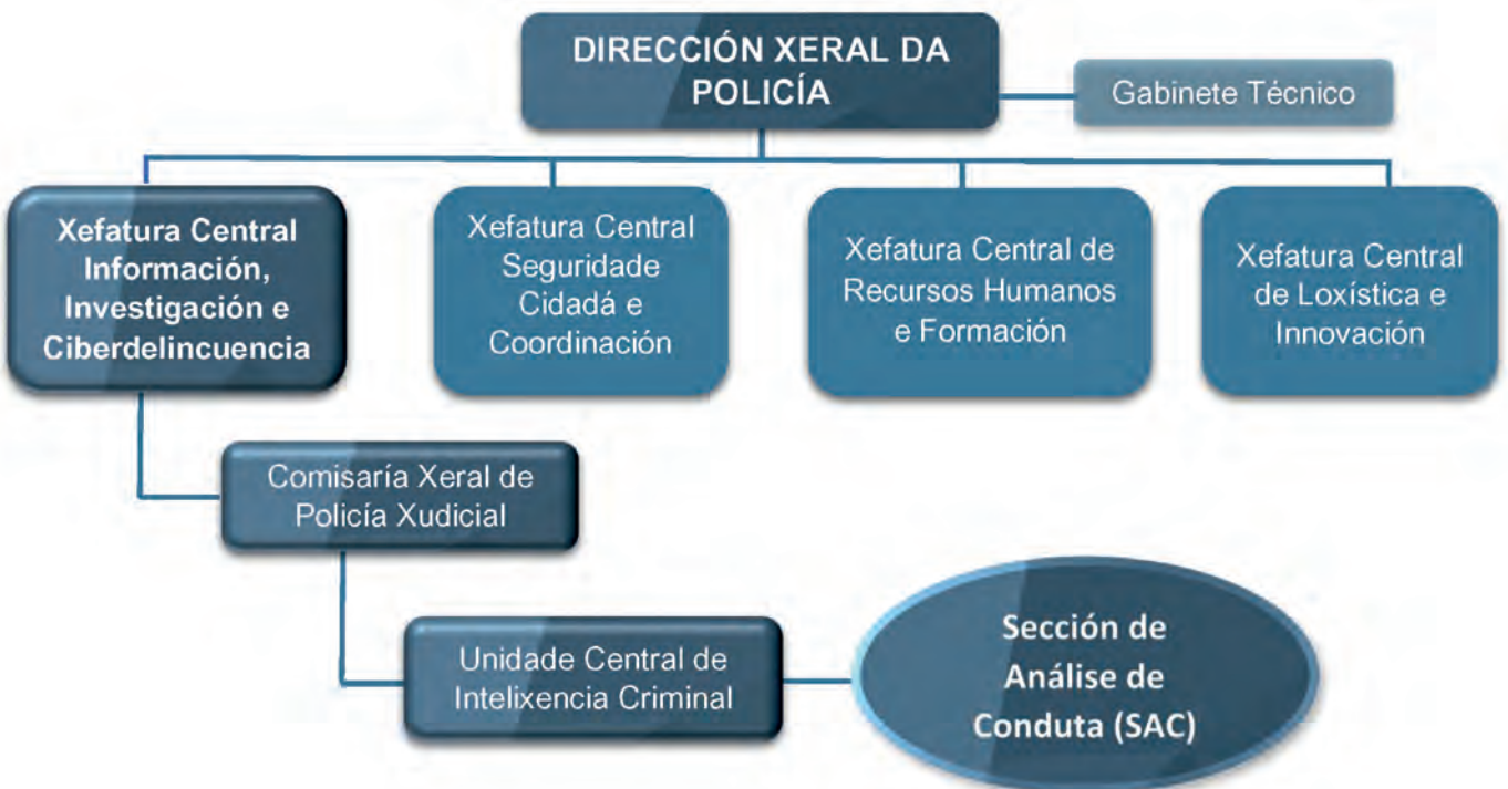
Figura 2. A Sección de Análise de Conduta (SAC) na estrutura do Corpo Nacional de Policía. Real Decreto 770/2017, de 28 de xullo.
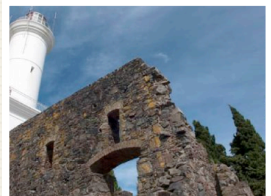
OUR PLACE The World Heritage Collection / http://whc.unesco.org/en/list/747/gallery/
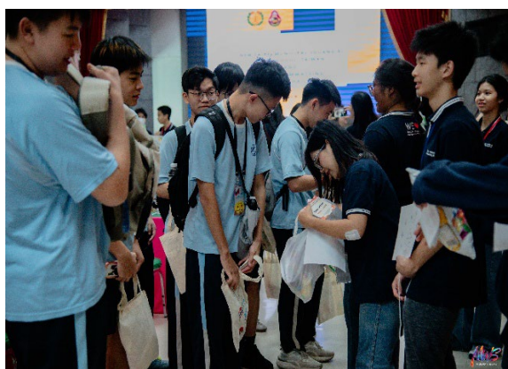
圖5-學伴相見歡與交換見面禮
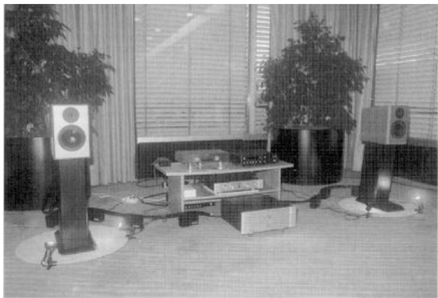
Master Three met Marsh-elektronica
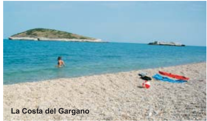
La Costa del Gargano
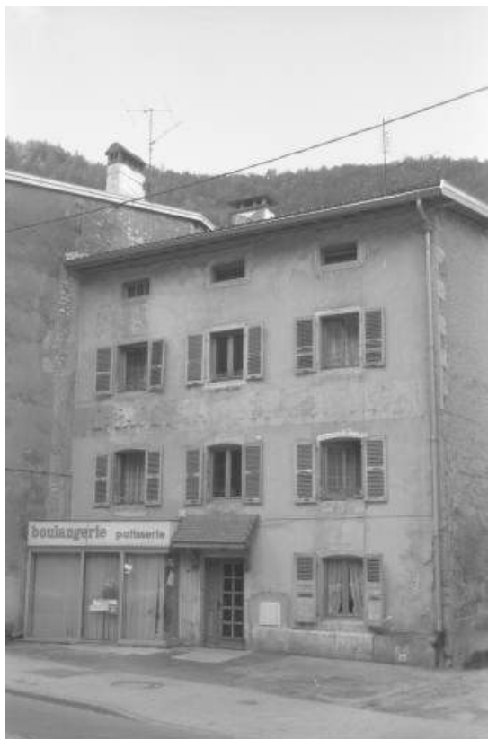
Premier atelier de la société Paget (Louis puis Albin), 204 rue de la République. 39, Morez, 15 rue Emile Zola
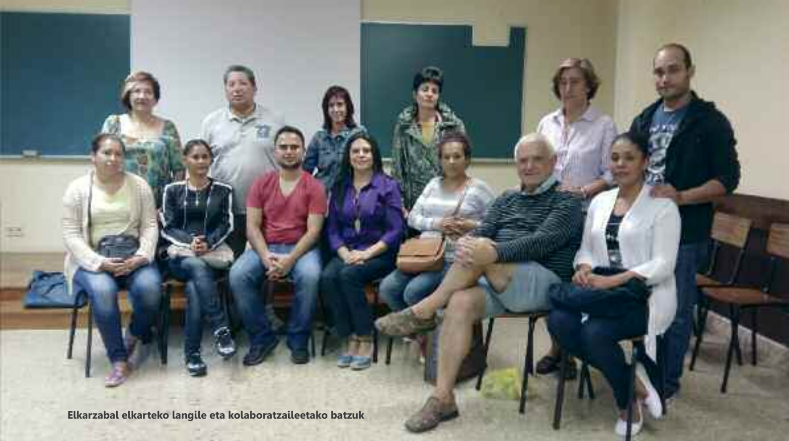
Elkarzabal elkarteko langile eta kolaboratzaileetako batzuk
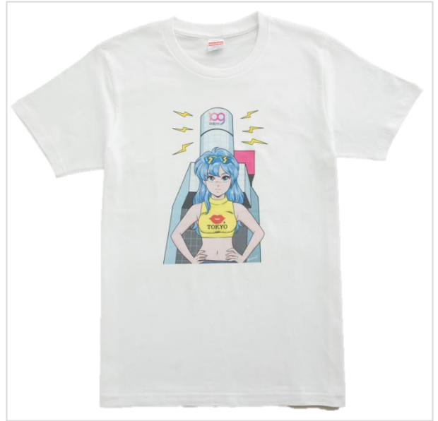
鎌田 かまを（かまだ かまを） 【にゅーぜねれいしょん】
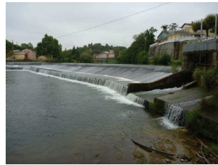
Barrage de Saverdun
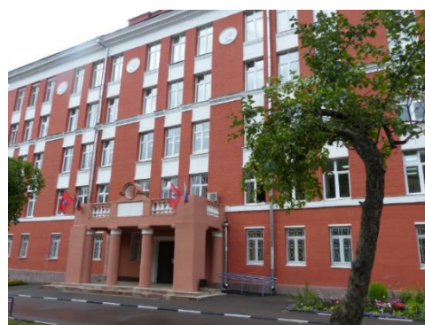
УК № 3 – 3-4 классы
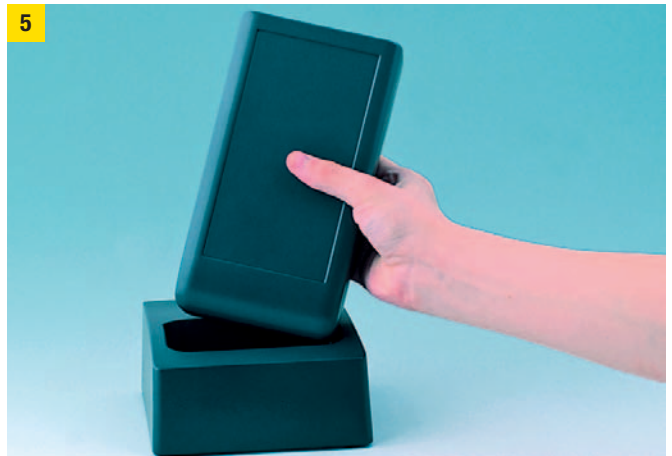
1) Das Unterteil des Gehäuses besitzt ein integriertes Batteriefach.
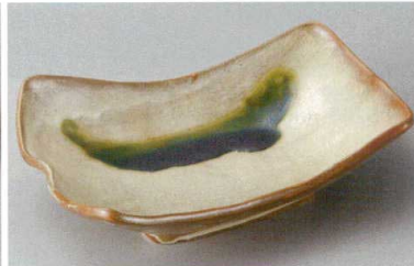
27010-179 織部刷毛変形盛鉢 2,930円 (260×160×69mm)
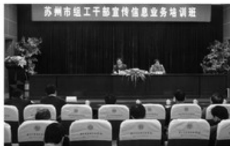
12月4-6日, 苏州市委组织部在我院举办组工干部宣传信息业务培训班。12月6日, 培训班结业典礼在我院召开, 市委组织部副部长金浩等领导出席了结

业典礼。此次培训班历时3天, 共有65名各市(区)、镇(街道)组工干部参加了培训。此次培训的主题是新形势下组工干部如何加强舆论宣传工作, 并围绕培训主题, 开设了“新形势下组织工作的舆论引导”、“如何做好新形势下组织部门信息工作”、“新形势下加强和改进党建宣传报道”、“党报新闻写作业务辅导”、“新媒体建设重点及发展趋势”、“贯彻十七届四中全会精神, 加强和改进新形势下组织工作舆论宣传”等辅导课程。
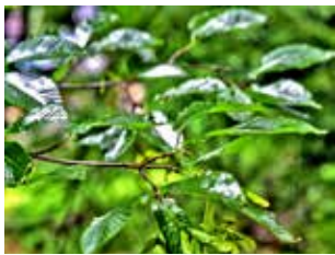
図11 チドリノキ(カエデの仲間)
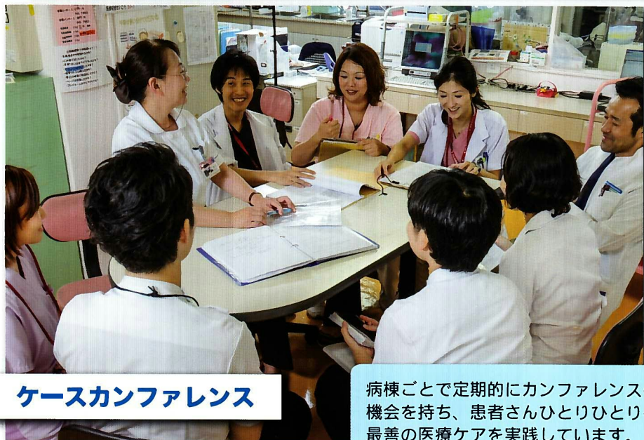
ケースカンファレンス

多職種協働で毎週1回各病棟を回診し入院患者さんが口から食べることのお手伝いをしています。
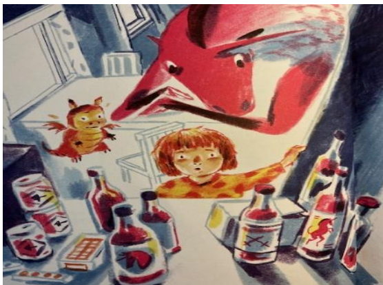
Kuva 9. Salaiset eliksiirit (Karsikas, 2022, s.26)

Moan kaadettua isän eliksiirit viemäriin, isä suuttuu. Kun isä lähtee kiukuisena yön pimeyteen, Moa lähtee seuraamaan isää. Moa näkee Bar Baarin ikkunan läpi, mitä yksisarvisen jahti tarkoittaa. Teksti kertoo Yksisarvisen käyskentelystä juhlijoiden keskellä hehkuvan kirkkaana kiihdyttäen juhlijajoukon suureen laukkaa, kadoten välillä näkymättömiin kuin aave. ”Yhtäkkiä yksisarvinen alkoi juosta ympäri ravintolasalia ja kiihdytti koko joukon suureen laukkaan. Isä tarttui Yksisarvista hännästä ja yritti roikkua sen mukana, kaataen tuolit ja pöydät mennessään.” Kuva kertoo juhlijoiden ulkomuodoista, jotka sekä ihmisiä, että eläimiä. Kuvassa isä tanssii pöydällä valkoisen antropomorfisen eläinhahmon kanssa ja punaista eliksiiriä roiskuu ympäriinsä (kuva 10). Meno näyttää
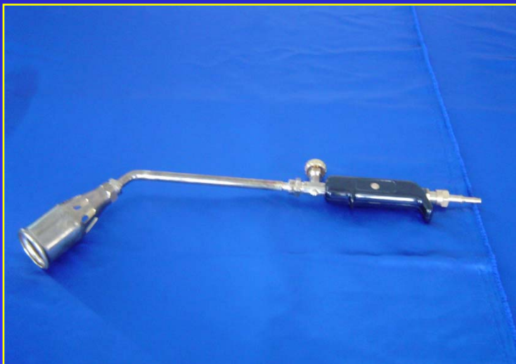
➔ หัวเผาระบบแก๊ส
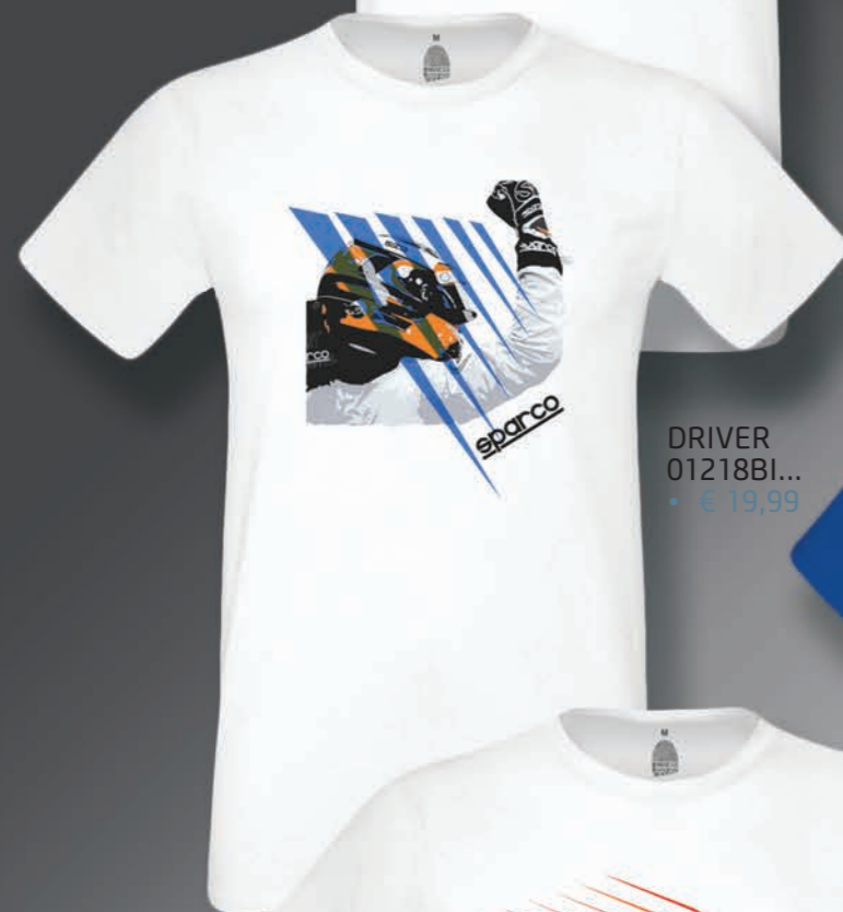
DRIVER 01218BI... • € 19,99

# Activity
Scan the records above for the string "eliksiirit", then report every line that contains it.

# Final answer
Kuva 9. Salaiset eliksiirit (Karsikas, 2022, s.26)
Moan kaadettua isän eliksiirit viemäriin, isä suuttuu. Kun isä lähtee kiukuisena yön pimeyteen, Moa lähtee seuraamaan isää. Moa näkee Bar Baarin ikkunan läpi, mitä yksisarvisen jahti tarkoittaa. Teksti kertoo Yksisarvisen käyskentelystä juhlijoiden keskellä hehkuvan kirkkaana kiihdyttäen juhlijajoukon suureen laukkaa, kadoten välillä näkymättömiin kuin aave. ”Yhtäkkiä yksisarvinen alkoi juosta ympäri ravintolasalia ja kiihdytti koko joukon suureen laukkaan. Isä tarttui Yksisarvista hännästä ja yritti roikkua sen mukana, kaataen tuolit ja pöydät mennessään.” Kuva kertoo juhlijoiden ulkomuodoista, jotka sekä ihmisiä, että eläimiä. Kuvassa isä tanssii pöydällä valkoisen antropomorfisen eläinhahmon kanssa ja punaista eliksiiriä roiskuu ympäriinsä (kuva 10). Meno näyttää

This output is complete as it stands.